0
votes

I am fairly new to the R world. I need some help with correct syntax for running a negative binomial regression/zero-inflation negative binomial regression on some data.

I am trying to run a regression that looks at how race/ethnicity influences the number of summer meal sites in a census tract.

I have parsed all the necessary data into one "MASTER.csv" file and the format is as follows:

Column headers: GEO ID - number of Summer Meal Sites - Census Tract Name - Total Population - White - Black - Indian - Asian - Other

So an example row would look like: 48001950100 - 4 - Census Tract 9501, Anderson County, Texas - 5477 - 4400 - 859 - 14 - 21 - 0

And so on, I have a total of 5266 rows each in the same format. Race/ethnicity is reported as a count of how many individuals in that certain census tract are of a respective race/ethnicity.

I am using a zero-inflation negative binomial model to account for the dependent variable being a "count", and therefore susceptible to skewed distributions.

My dependent variable is the number of summer meal sites in each census tract. (ex. in this case, the second column, 4).

My independent variable would be the race/ethnicities. Black, White etc.. I also need to set White as my omitted ( or reference) variable since I am running a regression on nominal variables.

How would I go about doing this? Would it look similar to the code posted below?

require(MASS)
require(pscl)

zeroinfl(formula = MASTER$num_summer_meal_sites ~ .| MASTER$White + MASTER$Black +      MASTER$Other, data = "MASTER", dist = "negbin")

Would this do what I need? Also, I am unclear as to how I should set "White" as the reference/omitted variable.

1
First of all, you should not use MASTER$... in the formula, use, e.g., num_summer_meal_sites ~ . | White + Black + Other. Second, your model doesn't make sense: by specifying, e.g., y ~ . you are implicitly including all columns of MASTER, including GEOID, the county names, and total population.

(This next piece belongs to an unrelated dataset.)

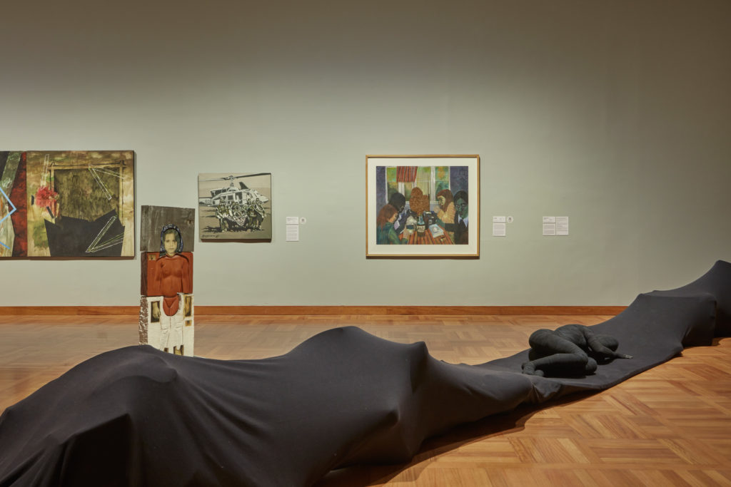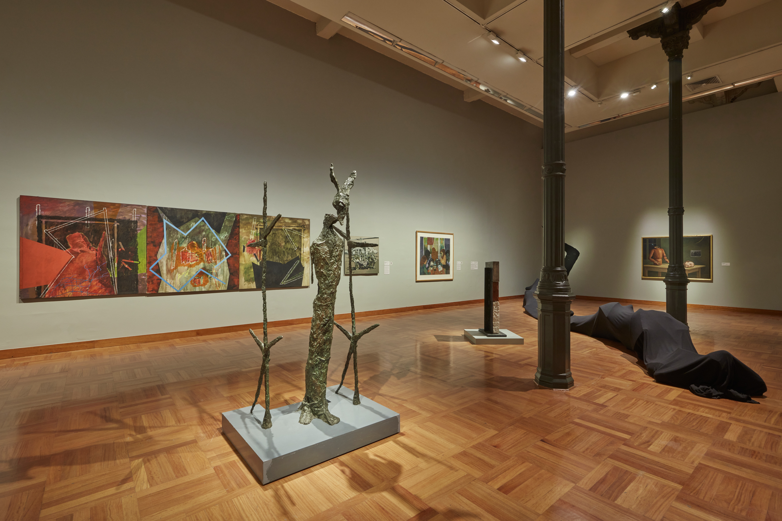 Incorporadas gracias a donaciones familiares o a la generosidad de los propios artistas, las obras que dan forma a esta exhibición son un importante testimonio de la vitalidad que ha mantenido la plástica local gracias a la labor de algunos de los creadores con más prestigio entre el público peruano. Agrupadas libremente alrededor de ejes temáticos abiertos y que acaso funcionan en tensión, las piezas se debaten entre la nueva figuración y lo abstracto. En varias de ellas se hace patente el diálogo con referentes de vanguardias históricas como el surrealismo y el expresionismo. Otras buscan dar cuenta de la realidad social y la violencia de la década de 1980, lo que daría paso a un tipo de mirada que privilegia la ironía y el azar.

If you want more help, you'll have to provide you data - upload it somewhere and edit your question to provide a link. - jlhoward
If you have a column for each ethnicity (White, Black, Indian, Asian, Other) and you have data by census tract, then ethnicity is not a nominal variable/you don't have a reference category as such (that would apply if modeling at the individual level). However, since the total (White+Black+Indian+Asian+Other) adds up to the population size, these predictors probably will be correlated, so you might want to omit White explicitly. I would suggest formula = num_summer_meal_sites ~ Black + Indian + Asian + Other, data=MASTER - Ben Bolker

1 Answers

3
votes

As pointed out above, you have a few problems with your formula. It probably should be re-written as

zeroinfl(num_summer_meal_sites ~ Black + Indian + Asian + Other, 
    data = MASTER, dist = "negbin")

Here we specify the data= parameter with the actual data.frame variable, not a character indicating the name of the variable. This allows you to use the names of the columns without having to prefix them all with a data.frame name; it will use data= first.

Also, rather than using "." to indicate all variables, it would be useful in this case to explicitly list the covariates you want since some seem like they may be in appropriate for regression.

And as pointed out above, it's best not to include correlated variables in a regression model. So leaving out White will help to prevent that. Since you have summary data, you don't really have a reference category like you would if you had individual data.

zeroinfl uses the | to delimit the regressors for the poisson part and the zero inflated part. Did you only want to model the inflation with the race variables? If so, your formulation was appropriate.